Database Table Design:
Result Table (Redis Hash): Key: task_id, Fields: status, output, timestamp.
Technical Selection: Redis (In-memory KV) for the Result Store.
Distribution Logic: Partitioning by task_id using Redis Cluster to handle 20k+ ops/sec.

Cache

Purpose & Justification: Deduplicate identical inference requests (e.g., same prompt) to save GPU cycles.
Key-Value Schema: Key: SHA256(input_payload), Value: task_id or cached_result. TTL: 5 minutes.
Failure Handling: If Redis fails, bypass cache and go straight to the queue.

Messaging

Purpose & Decoupling: Decouples synchronous HTTP requests from asynchronous GPU processing.
Event / Topic Schema: inference-requests topic. Payload: { "task_id": "...", "payload": "...", "ts": "..." }.
Throughput & Partitioning: Redis Streams with 16 shards to allow parallel Batcher consumers.
Technical Selection: Redis Streams for low latency and simplicity.

Data Processing

Processing Model: The Batcher Service uses a hybrid trigger:
Size Trigger: 64 messages reached.
Time Trigger: 50ms elapsed since the first message in the current window.
Processing DAG: Read from Stream -> Accumulate in Memory -> Call GPU API -> Disperse Results to Redis -> ACK Stream.
Scalability: Multiple Batcher instances consume from different partitions of the Redis Stream.

Infrastructure (Optional)

Observability:
Metrics: Track batch_size_distribution, gpu_worker_latency, and queue_depth.
Tracing: Jaeger for end-to-end tracing from API Gateway to GPU API.
Wrap Up

Advanced Topics

Trade-offs: We trade off latency for throughput.
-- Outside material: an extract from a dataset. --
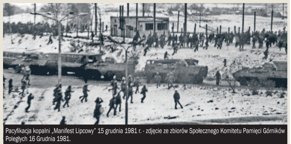
Pacyfikacja kopalni „Manifest Lipcowy” 15 grudnia 1981 r.
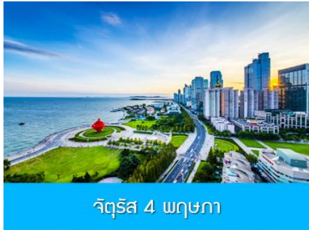
จิตรลิส 4 พุชกา

** ชำระค่าทัวร์ในนาม บริษัท นิดน้อย ทราเวล จำกัดเท่านั้น **

A single request might wait 50ms in the Batcher, but the system overall can handle 10x the load.
Reliability: Using Redis Streams' Consumer Groups ensures that if a Batcher instance dies, the messages are re-delivered to another instance (NACK mechanism).
Bottleneck Analysis: The "Fixed GPU API" is the ultimate bottleneck. If it slows down, the Request Queue will grow. We must implement TTL on the Queue to drop stale requests and maintain system sanity.
Security: All internal communication (Batcher to GPU API) uses mTLS. Input sanitization is performed at the API Gateway to prevent injection attacks into the model prompts.
Distinguishing Insights: To handle Hot Keys (many users asking for the same inference), we can implement a "request collapsing" mechanism in the Batcher where it identifies duplicate tasks within the same batch and only sends one to the GPU, then replicates the result for all original task IDs.